__What to work on__
In the entries below, find the line with "An area rug" and the line with "ceremony to celebration.". Return those two lines and all lines between them, exactly.

+++ Task inputs +++

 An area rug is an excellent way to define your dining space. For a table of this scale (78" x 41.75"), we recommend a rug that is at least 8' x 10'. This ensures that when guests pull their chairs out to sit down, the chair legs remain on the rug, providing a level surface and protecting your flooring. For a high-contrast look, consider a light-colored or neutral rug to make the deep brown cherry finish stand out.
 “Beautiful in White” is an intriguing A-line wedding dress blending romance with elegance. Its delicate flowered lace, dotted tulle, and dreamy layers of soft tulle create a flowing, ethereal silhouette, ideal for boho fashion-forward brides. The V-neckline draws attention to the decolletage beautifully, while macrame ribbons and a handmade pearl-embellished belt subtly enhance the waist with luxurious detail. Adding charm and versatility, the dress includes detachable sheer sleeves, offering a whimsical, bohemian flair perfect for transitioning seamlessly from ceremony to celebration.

+++
+++ Task inputs +++

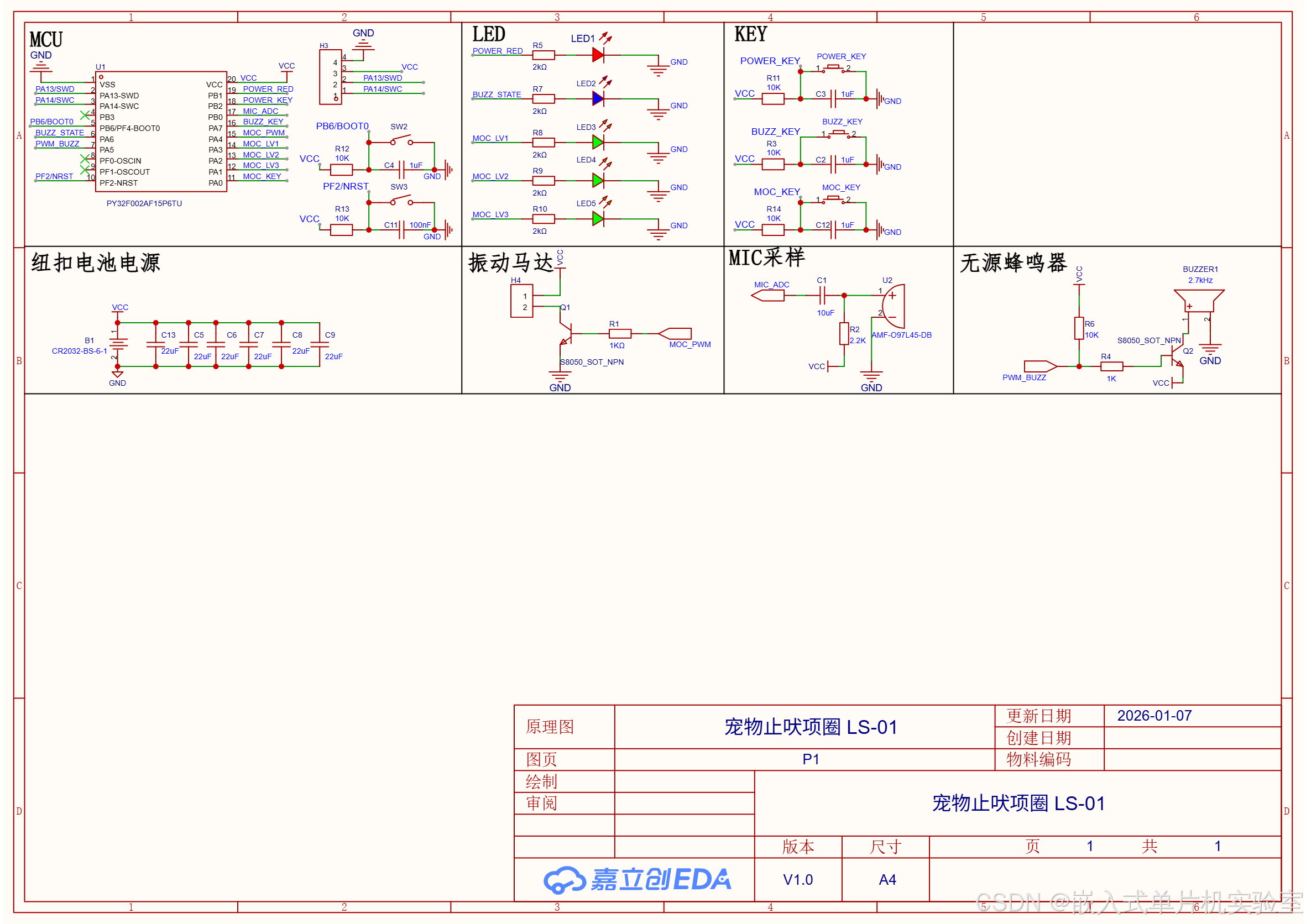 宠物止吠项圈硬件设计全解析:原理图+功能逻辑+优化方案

+++
+++ Task inputs +++

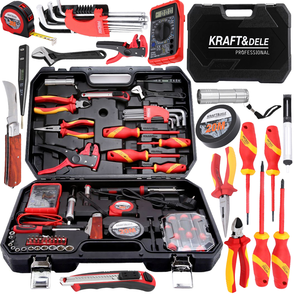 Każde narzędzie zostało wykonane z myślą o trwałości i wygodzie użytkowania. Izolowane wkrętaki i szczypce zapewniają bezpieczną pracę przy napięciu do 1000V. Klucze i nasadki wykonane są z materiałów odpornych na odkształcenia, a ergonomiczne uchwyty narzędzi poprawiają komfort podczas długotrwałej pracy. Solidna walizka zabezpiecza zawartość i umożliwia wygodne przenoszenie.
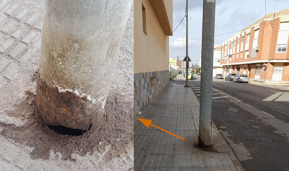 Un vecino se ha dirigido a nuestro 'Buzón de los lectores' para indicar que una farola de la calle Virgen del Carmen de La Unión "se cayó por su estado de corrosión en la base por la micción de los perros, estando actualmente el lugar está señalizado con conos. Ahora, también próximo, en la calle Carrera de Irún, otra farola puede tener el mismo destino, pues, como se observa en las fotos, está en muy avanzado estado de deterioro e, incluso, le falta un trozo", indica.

+++

__Task answer__
 An area rug is an excellent way to define your dining space. For a table of this scale (78" x 41.75"), we recommend a rug that is at least 8' x 10'. This ensures that when guests pull their chairs out to sit down, the chair legs remain on the rug, providing a level surface and protecting your flooring. For a high-contrast look, consider a light-colored or neutral rug to make the deep brown cherry finish stand out.
 “Beautiful in White” is an intriguing A-line wedding dress blending romance with elegance. Its delicate flowered lace, dotted tulle, and dreamy layers of soft tulle create a flowing, ethereal silhouette, ideal for boho fashion-forward brides. The V-neckline draws attention to the decolletage beautifully, while macrame ribbons and a handmade pearl-embellished belt subtly enhance the waist with luxurious detail. Adding charm and versatility, the dress includes detachable sheer sleeves, offering a whimsical, bohemian flair perfect for transitioning seamlessly from ceremony to celebration.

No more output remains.